## Task directions
Repeat, word for word, each of the records shown below, without their pictures.

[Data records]

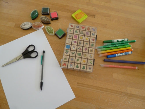 Etape 2 : la réalisation des planches. Elle a créé trois planches avec les tampons (et les encres que l’on avait, dû ces couleurs parfois surprenantes) et les feutres.
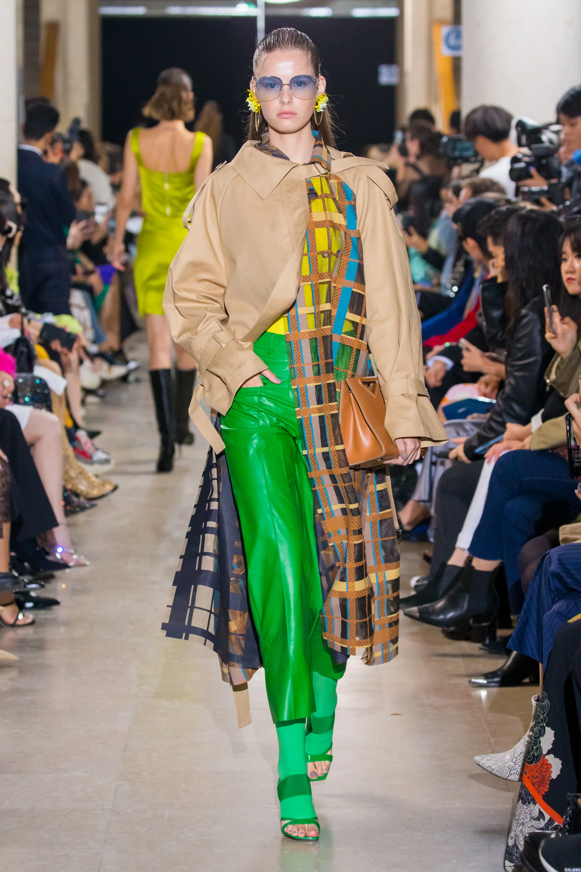 Crystal meshes overlaying silhouettes catch the light. yellow, lime green and bright orange bring tonic touches while large silver eyelets accessories some section of the collection. MASHAMA continues her collaboration with the best European fabric manufacturers. The tweed used is from the the French company Malhia Kent. Drill cotton and cyber green acetate are from Bonotto in Italy. All the yarn of jacquard is made from recycled plastic, and all the fabrics from Bonotto are eco-friendly.
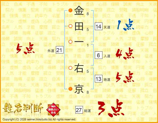 金(8画)田(5画)一(1画) 右(5画)京(8画)
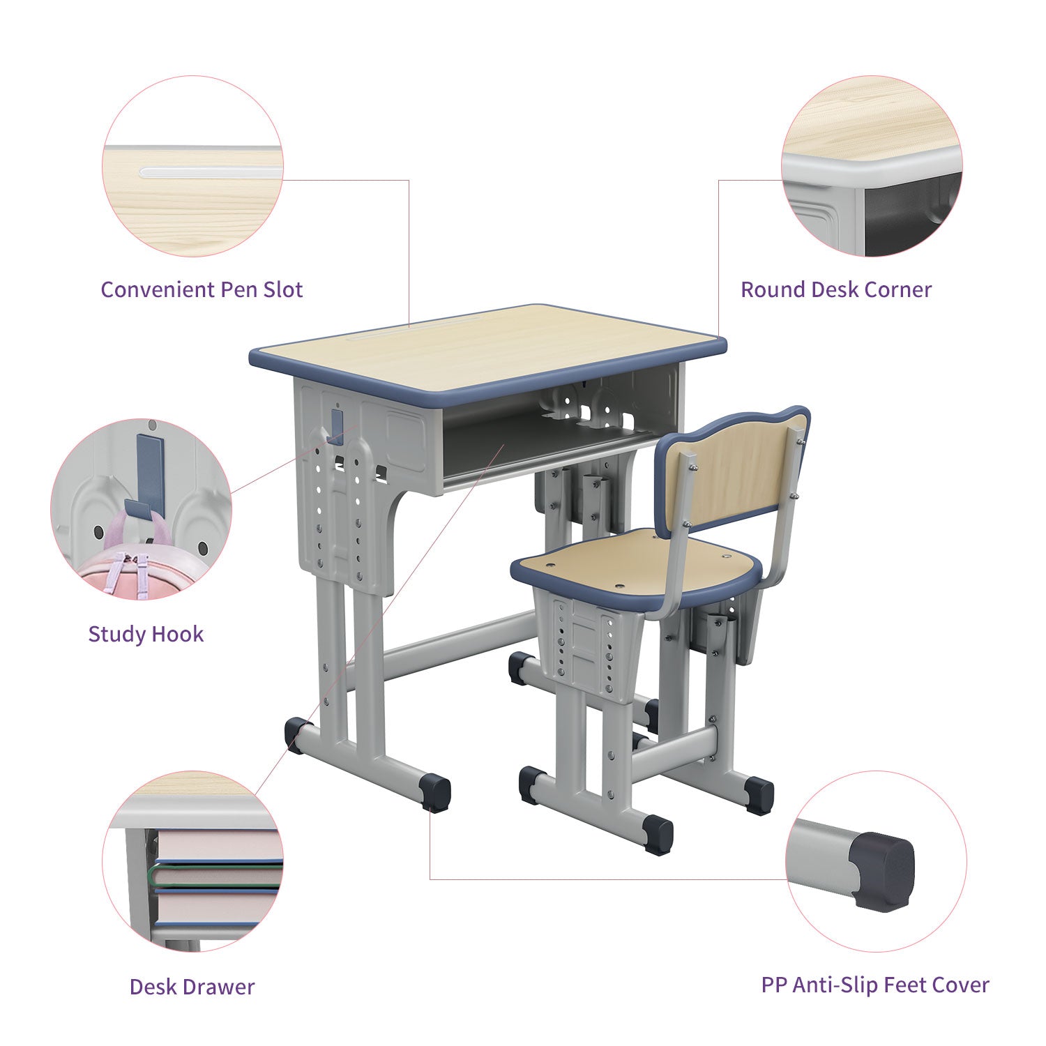 Height Adjustable: Both the heights of our kids study desk and chair set can be adjusted to adapt to kids' growing. Ergonomic Designed: Ergonomic children study drawing desk chair, effectively keep your children seated correctly and prevent humpback, allowing your child to have good and healthy posture, but also protects the eyesight with the book-stand. Environmentally Friendly and High Quality Material: Durable Construction, high quality metal and high density board material, durable and wear-resistant. Polished craftsmanship: Polished craftsmanship, smooth desktop, comfortable to use and easy to clean. PP anti-slip feet, guarantee stability and prevent wobbling. Large Storage Space: Spacious drawer, provide ample storage space for books, stationery and other school supplies. Hook design: Hook design, strong load-bearing capacity, convenient for hanging school bags. Versatile Use: Ideal for use in classrooms, tutoring centers, or home environments, this desk and chair set is suitable for both individual and group. Perfect for most Occasions: Perfect for children's rooms, study areas and more. The perfect partner for your children’ learning and best gift for your kids!
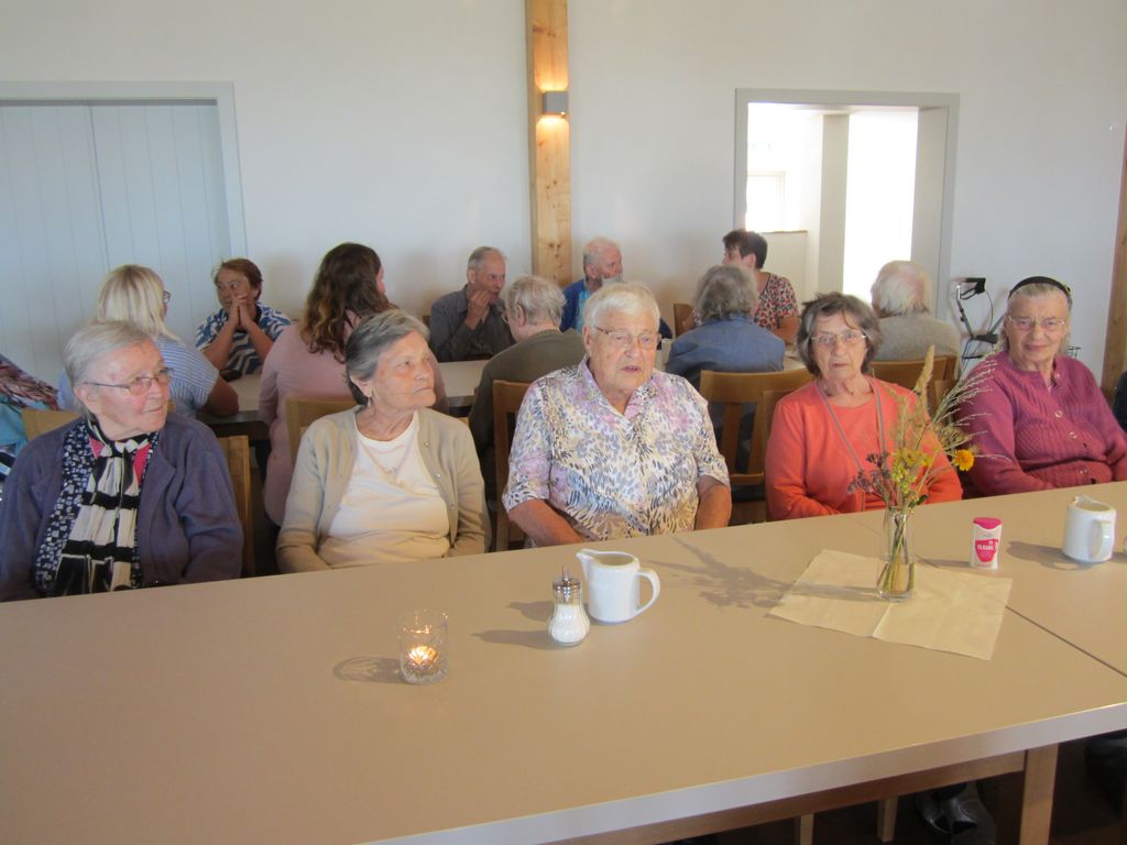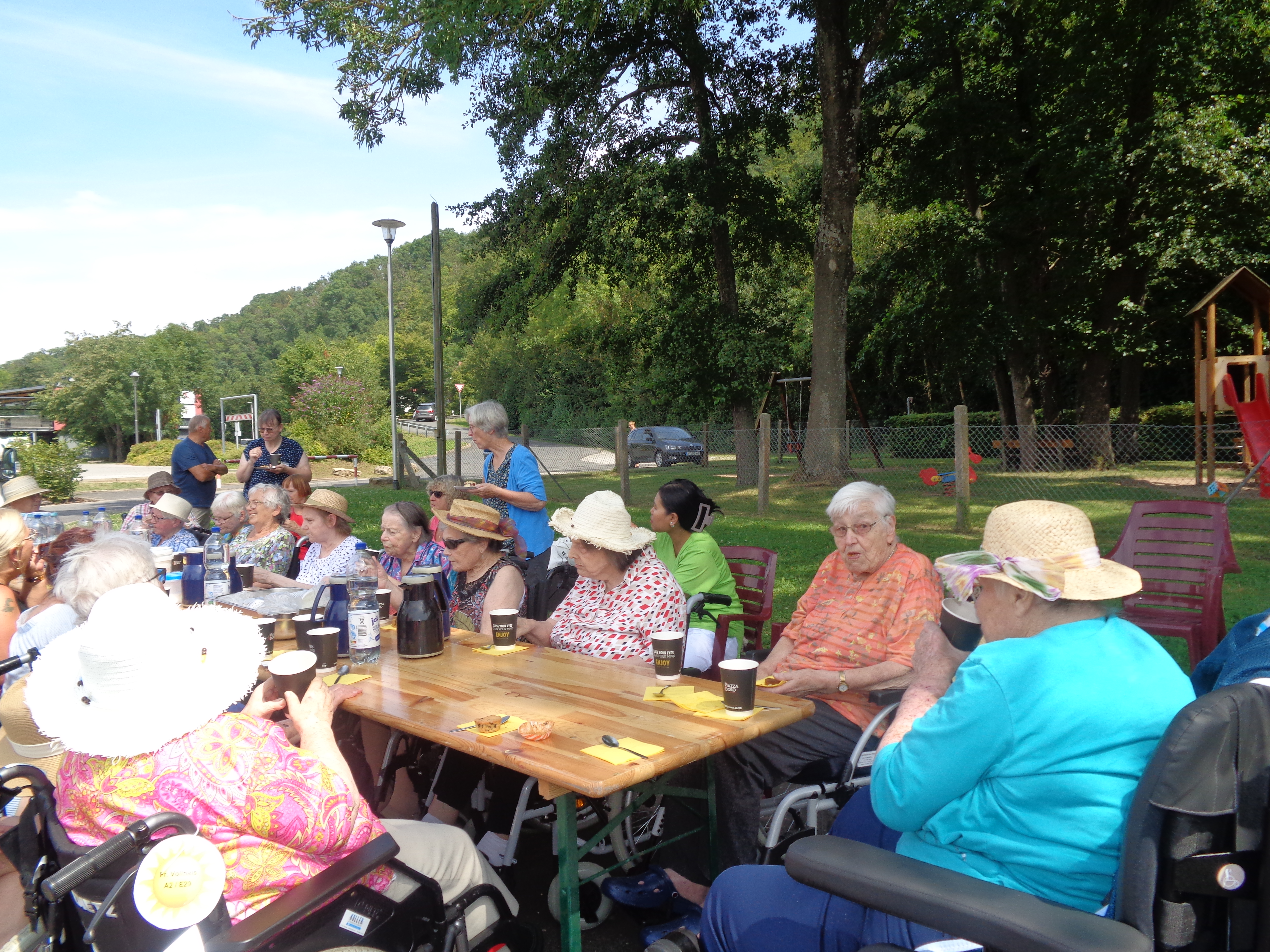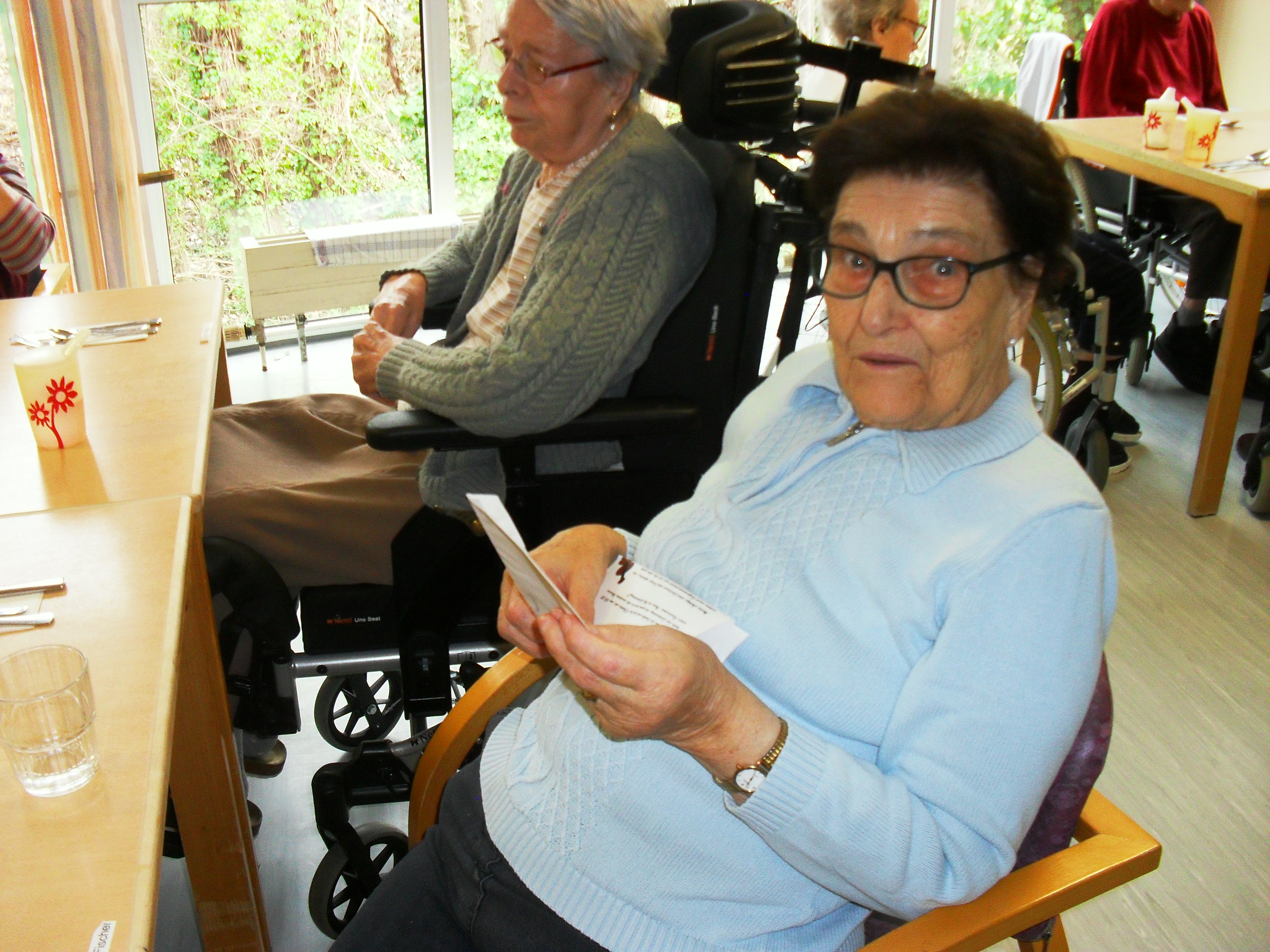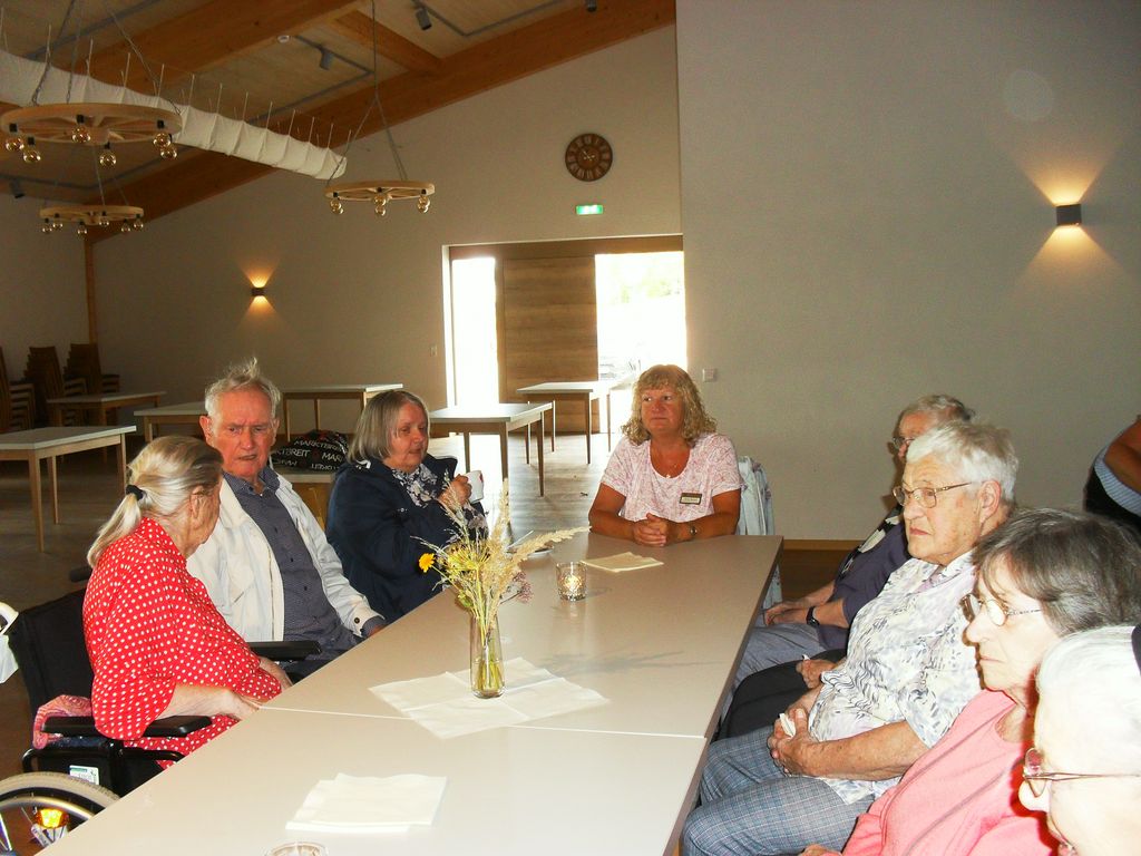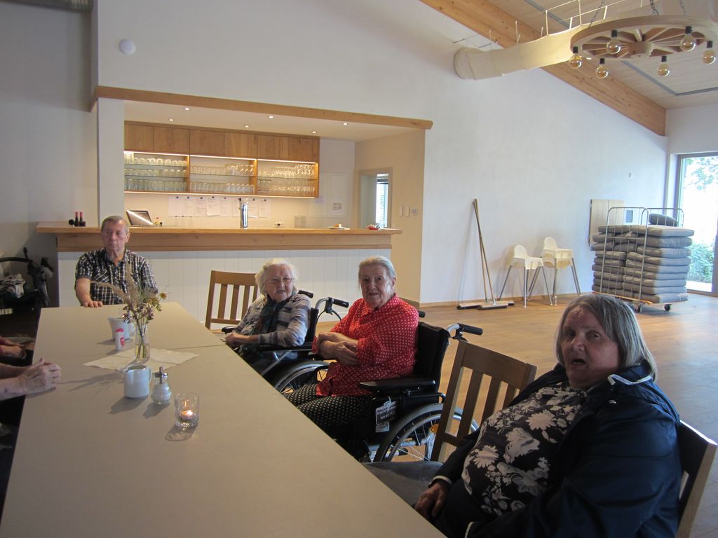 Alle Bewohnerinnen und Bewohner, die in den Monaten Juli und August Geburtstag hatten, waren zum gemeinsamen Kaffeetrinken und Kuchen essen eingeladen. Dieses Mal hatten sehr viele Geburtstag und die Tafel war entsprechend lang.

## Solved problem
 Etape 2 : la réalisation des planches. Elle a créé trois planches avec les tampons (et les encres que l’on avait, dû ces couleurs parfois surprenantes) et les feutres.
 Crystal meshes overlaying silhouettes catch the light. yellow, lime green and bright orange bring tonic touches while large silver eyelets accessories some section of the collection. MASHAMA continues her collaboration with the best European fabric manufacturers. The tweed used is from the the French company Malhia Kent. Drill cotton and cyber green acetate are from Bonotto in Italy. All the yarn of jacquard is made from recycled plastic, and all the fabrics from Bonotto are eco-friendly.
 金(8画)田(5画)一(1画) 右(5画)京(8画)
 Height Adjustable: Both the heights of our kids study desk and chair set can be adjusted to adapt to kids' growing. Ergonomic Designed: Ergonomic children study drawing desk chair, effectively keep your children seated correctly and prevent humpback, allowing your child to have good and healthy posture, but also protects the eyesight with the book-stand. Environmentally Friendly and High Quality Material: Durable Construction, high quality metal and high density board material, durable and wear-resistant. Polished craftsmanship: Polished craftsmanship, smooth desktop, comfortable to use and easy to clean. PP anti-slip feet, guarantee stability and prevent wobbling. Large Storage Space: Spacious drawer, provide ample storage space for books, stationery and other school supplies. Hook design: Hook design, strong load-bearing capacity, convenient for hanging school bags. Versatile Use: Ideal for use in classrooms, tutoring centers, or home environments, this desk and chair set is suitable for both individual and group. Perfect for most Occasions: Perfect for children's rooms, study areas and more. The perfect partner for your children’ learning and best gift for your kids!
 Alle Bewohnerinnen und Bewohner, die in den Monaten Juli und August Geburtstag hatten, waren zum gemeinsamen Kaffeetrinken und Kuchen essen eingeladen. Dieses Mal hatten sehr viele Geburtstag und die Tafel war entsprechend lang.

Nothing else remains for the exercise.